Abdominoplasty is the sixth most common cosmetic surgical procedure performed in the United States, with more than 117,000 procedures performed in 2014, according to ASPS statistics. The number of abdominoplasties has increased in recent years, partly because of the increased number of patients undergoing body contouring surgery to remove excess skin and tissue after massive weight loss.

The study included more than 25,000 abdominoplasties performed between 2008 and 2013, representing about 14 percent of all procedures in the database. The researchers performed an univariate and multivariate analysis evaluating risk factors, including age, smoking, body mass index, sex, diabetes, type of surgical facility, and combined procedures.

The authors identified 25,478 abdominoplasties from 183,914 procedures in the database. Of these, 8,975 patients had abdominoplasty alone and 16,503 underwent additional procedures. Ninety-seven percent of abdominoplasty patients were women; the average age was 42 years. The number of complications recorded was 1,012 (4.0 percent overall rate versus 1.4 percent in other aesthetic surgery procedures). Of these, 31.5 percent were hematomas, 27.2 percent were infections and 20.2 percent were suspected or confirmed venous thromboembolism.

On multivariate analysis, significant risk factors (p<0.05) included male sex (relative risk, 1.8), age 55 years or older (1.4), body mass index greater than or equal to 30 (1.3), multiple procedures (1.5), and procedure performance in a hospital or surgical center versus office-based surgical suite (1.6). Combined procedures increased the risk of complication (abdominoplasty alone, 3.1 percent; with liposuction, 3.8 percent; breast procedure, 4.3 percent; liposuction and breast procedure, 4.6 percent; body-contouring procedure, 6.8 percent; liposuction and body-contouring procedure, 10.4 percent).
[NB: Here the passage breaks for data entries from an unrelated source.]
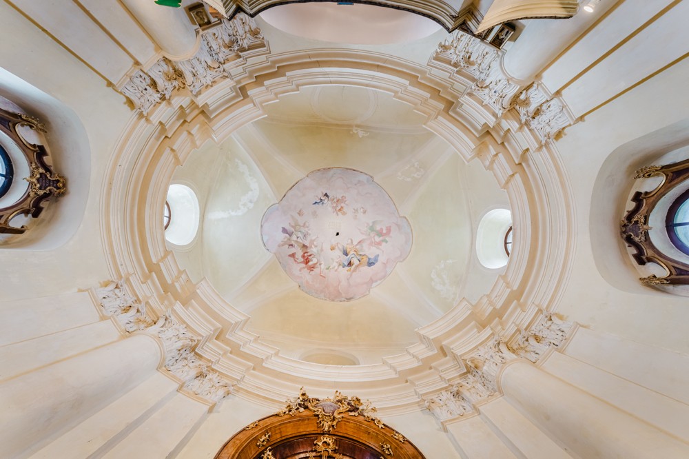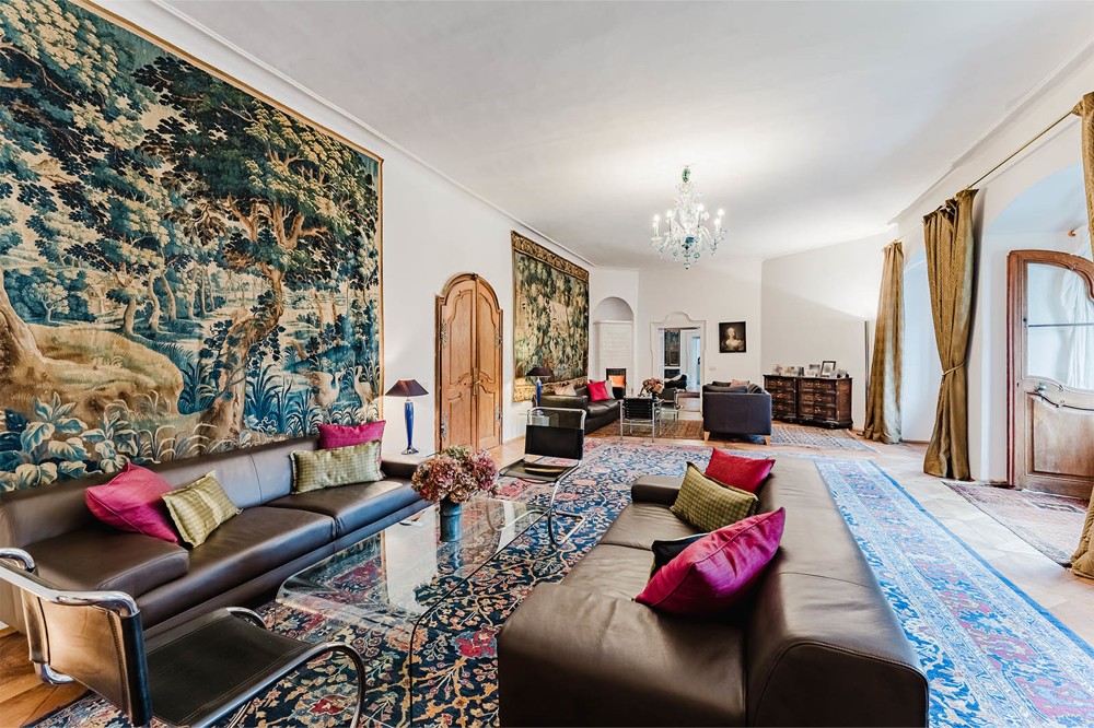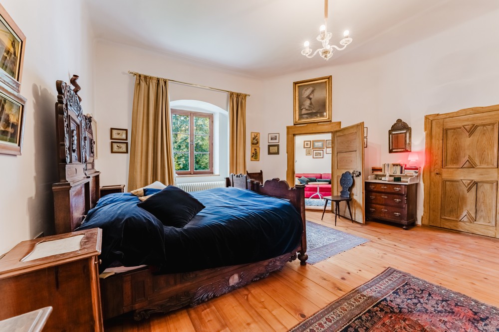 Wnętrza rezydencji zachwycają wyjątkowym pięknem. Przestronne pokoje z wysokimi sufitami, bogatymi stiukami i oryginalnymi drewnianymi boazeriami opowiadają historię minionych stuleci. Wytworne kominki tworzą przytulne zakątki w arystokratycznej atmosferze, a kaplica zamkowa poświęcona św. Nepomukowi—ozdobiona kunsztownymi ołtarzami w stylu rokoko i dziełami malarza barokowego Bartolomeo Altomonte (1769)—dodaje nieruchomości duchowego wymiaru.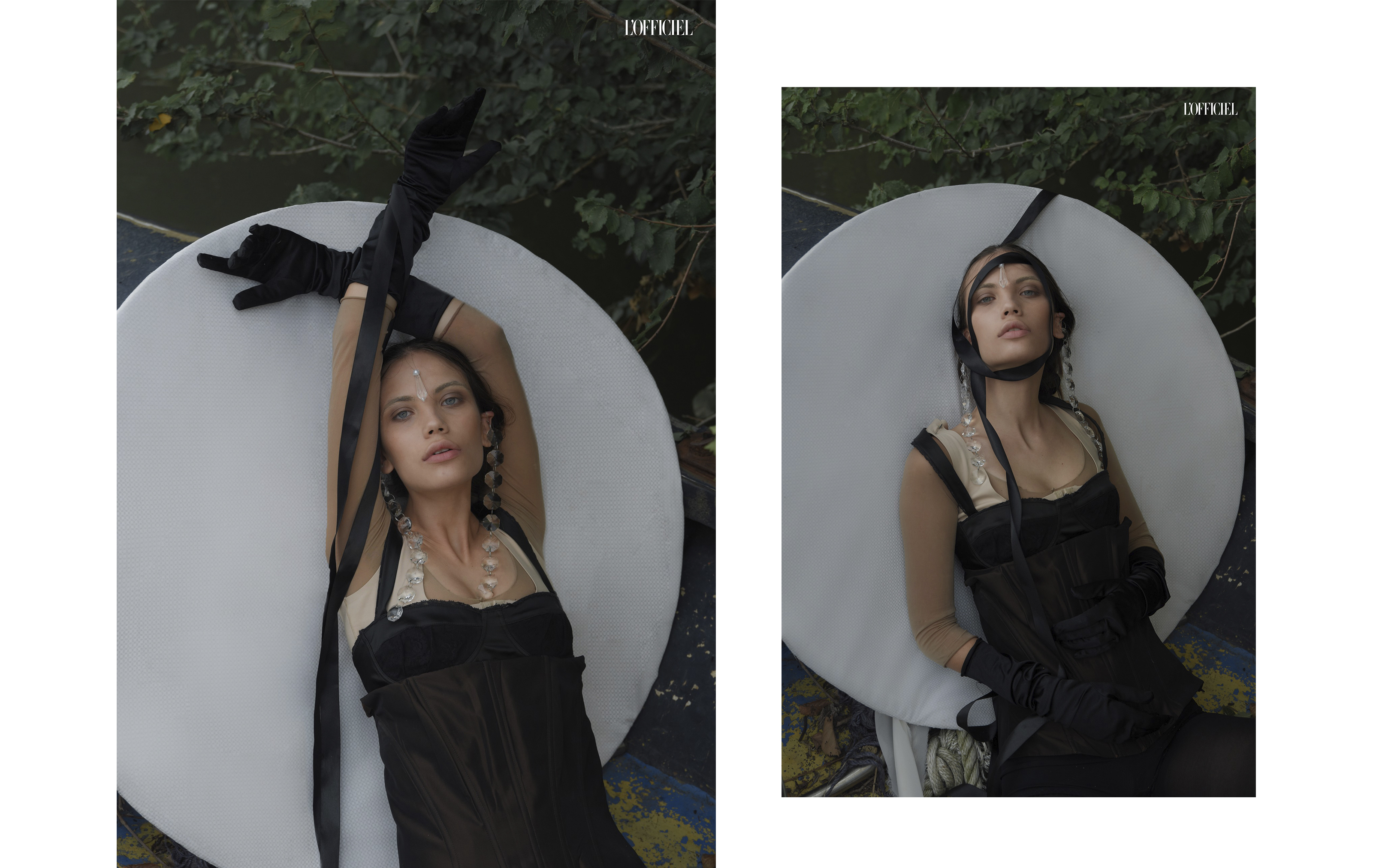 Слева: Белье Pinko, корсет La Perla, перчатки Maison Margela, шорты Alberta Ferretti, колготы Falke, обувь Gianrico Mori, украшения Chromosome6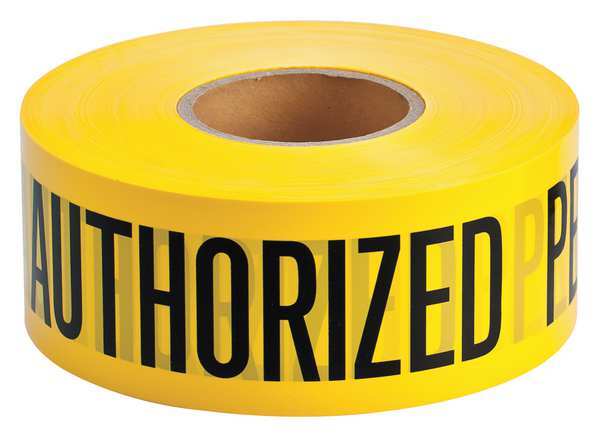 SKU G5677524Categories Adhesives, Epoxy & SealantsDescription Barricade Tape, Legend Authorized Personnel Only, Yellow, Material Polyethylene, Roll Length 1,000 ft, Roll Width 3 in, Standards OSHA 1910.144(a), Black Legend ColorgraingerSKU: 20TK96, mscSKU: , zoro_no: G5677524, mongo_id: 65bbe75b9a749db8227317c8

Combined procedures were a key risk factor for complications - compared to the 3.1 percent rate with abdominoplasty alone, risk increased when abdominoplasty was combined with other procedures: up to 10.4 percent when abdominoplasty was combined with body contouring plus liposuction. After adjustment for other factors, the relative risk of major complications was 50 percent higher with combined procedures.

Other risk factors for major complications included male sex, age 55 years or older, and obesity. Risk was lower when abdominoplasty was performed in an office-based surgical suite, compared to a hospital or surgical centre.

Julian Winocour

"Surgeons often refer patients with major illnesses, such as heart disease, to hospitals, which may be responsible for this observed trend in complications," said Winocour.

Diabetes and smoking - two major surgical risk factors - were not associated with a significant increase in complications after abdominoplasty.

"That likely reflected Board-certified plastic surgeons' practice of not offering abdominoplasty to poorly controlled diabetics and recommending strict smoking cessation for at least four weeks before and after surgery," added Wincour.

The study adds to previous evidence that abdominoplasty carries a higher complication rate than other cosmetic plastic surgery procedures.

"Although the overall incidence of major complications is low, such complications can leave a potentially devastating cosmetic outcome and pose a significant financial burden on the patient and surgeon," the researchers write.

The researchers draw special attention to the risk associated with multiple procedures, especially since nearly two-thirds of patients in the database underwent other cosmetic procedures combined with abdominoplasty. Winocour and colleagues suggest that some patients at high risk of complications might be better off undergoing staged rather than combination procedures.